On August 10, 2016, Surge Media, LLC announced that it would be ending its LMA with Media East, LLC and would cease broadcasting on WSTK as of August 31, 2016 at 11:59pm. Surge Media, LLC was unable to generate any revenue from the station, and determined that it was not a viable option to continue operating the signal. Ken Santarelli of Surge Media, LLC cited extreme tropospheric interference problems as being the major component of why WSTK was not viable, in which tropospheric ducting would cause other radio stations, even from several states away, to cause interference in the Morehead City, New Bern, and Washington areas; making WSTK unlistenable for as much as six hours out of the day.

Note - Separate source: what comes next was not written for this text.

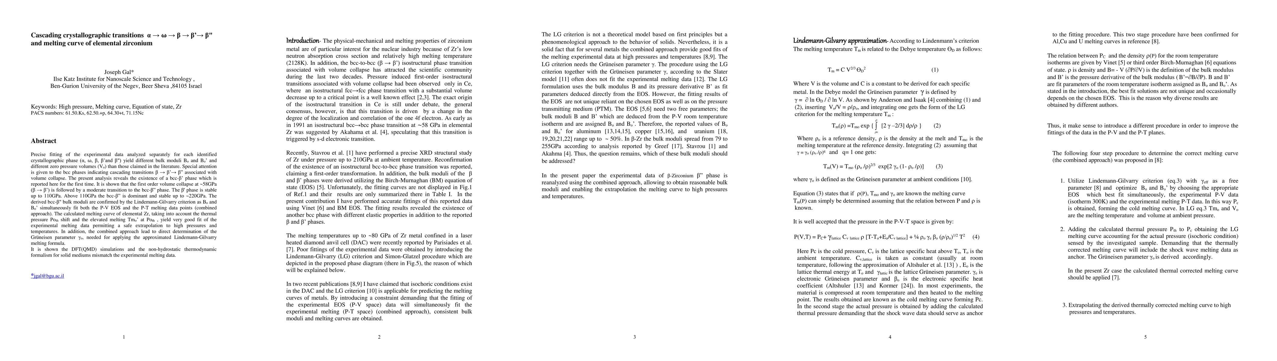 Precise fitting of the experimental data analyzed separately for each identified crystallographic phase alpha, omega, beta, beta prime and beta double prime yield different bulk moduli Bo and Bo prime and different zero pressure volumes (Vo) than those claimed in the literature. Special attention is given to the bcc phases indicating cascading transitions beta to beta prime to beta double prime associated with volume collapse. The present analysis reveals the existence of a bcc-beta prime phase which is reported here for the first time. It is shown that the first order volume collapse at about 58GPa beta to beta prime is followed by a moderate transition to the bcc-beta double prime phase. The beta prime phase is stable up to 110GPa. Above 110GPa the bcc-beta double prime is dominant and stable up to about 220GPa. The derived bcc-double prime bulk moduli are confirmed by the Lindemann-Gilvarry criterion as Bo and Bo prime simultaneously fit both the P-V EOS and the P-T melting data points (combined approach). The calculated melting curve of elemental Zr, taking into account the thermal pressure Poth shift and the elevated melting Tmo prime at Poth , yield very good fit of the experimental melting data permitting a safe extrapolation to high pressures and temperatures. In addition, the combined approach lead to direct determination of the Greuneisen parameter gammao, needed for applying the approximated Lindemann-Gilvarry melting formula.

Interference from the recently upgraded WYHW also caused additional interference issues, specifically in the Morehead City area.

The simulcast with WEGG ended at 11:59 p.m. on August 31, 2016. Afterward, WSTK went silent. Surge Radio continued to broadcast on WEGG until January 10, 2017. Surge continues to stream online.

On Thursday, October 6, 2016, WSTK became “Oldies 104.5”, playing a fully automated oldies format, ranging from the 1930s to the 1990s. The oldies format also failed to generate any revenue. The oldies format ended abruptly when the studio-to-transmitter link was hacked, and the station began playing a loop of FDT by YG and Nipsey Hussle. It took several days before station management noticed the problem, WSTK was then taken off the air on January 31, 2017.

On Wednesday, March 1, 2017, WSTK once again became The Vine Connection with an Urban Contemporary Gospel format, under LMA.

On Friday, September 1, 2017, WSTK began simulcasting, once again, on WEGG, continuing as The Vine Connection.

On Monday, July 1, 2019, WSTK ceased simulcasting on WEGG. WSTK is continuing as The Vine Connection but WEGG became Country music WKOO-100.5 Kix FM.

On Wednesday, June 1, 2022, WSTK flipped formats to a simulcast of WLGT as “98.3 & 104.5 The Bridge”.

On May 1, 2024, WLGT and WSTK changed their format from contemporary Christian to worship music, branded as "Sozo Radio".

On December 30, 2024, WLGT and WSTK ended Christmas stunting and launched a classic country format, branded as "Classic Country 97.5 & 104.5".

As of November 2025, WSTK is airing a Christian music and talk and teaching format using the Go Mix! Radio network after being sold to Pathway Christian Academy, Inc.